Is the set of all pairs of natural numbers countable?

Question

Say that $\Bbb N \times \Bbb N$ is the set of all pairs $(n_1, n_2)$ of natural numbers. Is it countable? My hypothesis is yes it is countable because sets are countable. But I am unable to come up with a proof. Is my hypothesis correct? How is it countable?

Answer 1

Consider the function $f: \mathbb{N} \times \mathbb{N} \longrightarrow \mathbb{N}$ defined by $f(a,b)=2^a \, 3^b$. Then this function is one-one. Consequently cardinality of $\mathbb{N} \times \mathbb{N}$ is "no more than" (if I may use this phrase) that of $\mathbb{N}$, hence countable.

Answer 2

First, list the pairs in which the sum is $0$:

$$(0,0)$$

Then those in which the sum is $1$:

$$(1,0),(0,1)$$

Then those in which the sum is $2$:

$$(2,0),(1,1),(0,2)$$

Then those in which the sum is $3$:

$$(3,0),(2,1),(1,2),(0,3)$$

And so on.

Answer 3

Yes, you do the diagonalization like with rational numbers which is basically the same thing.

Answer 4

Yes, here is a bijection example, where $p_k$ is the $kth$ prime number:

• $f(x,y)=p_x^{p_y}$

• $g(x)=(x,x)$

Answer 5

Another easy way :take a pair, write down the numbers in any numeration basis. For example (decimal) 1234 and 987. Add extra zeros where needed so they are the same length, and shuffle them

1 2 3 4
 0 9 8 7
--------
10293847

Reverse operation : take digits with even (resp. odd) positions.

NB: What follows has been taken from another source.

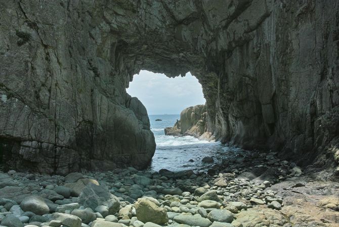 Un sentier de deux kilomètres au bord de la mer serpente à travers les paysages bruts du cap Ashizuri dans la préfecture de Kochi . Il surplombe les vagues puissantes qui déferlent plus bas. De nombreux lieux mystérieux associés à Kobo Daishi, le moine bouddhiste japonais le plus influent également connu sous le nom de Kukai, bordent les sentiers de cette région.

EDIT: and of course there are explicit formulas, here given as 3 recursive Python functions

def combine(a,b):
   return 0 if a==0 and b==0 else 10*combine(b/10, a) + (b % 10)
def second(n):
   return 0 if n==0 else 10*second(n/100)+ (n%10)
def first(n):
   return second(n/10)

Answer 6

Here is an explicit formula for a bijection with $\mathbf N$, using the ordering first by ‘total degree’, then by first coordinate (known as grlex order on $\mathbf N\times\mathbf N$):

$$f(n_1,n_2)=\frac{(n_1+n_2)(n_1+n_2+1)}2+n_1+1.$$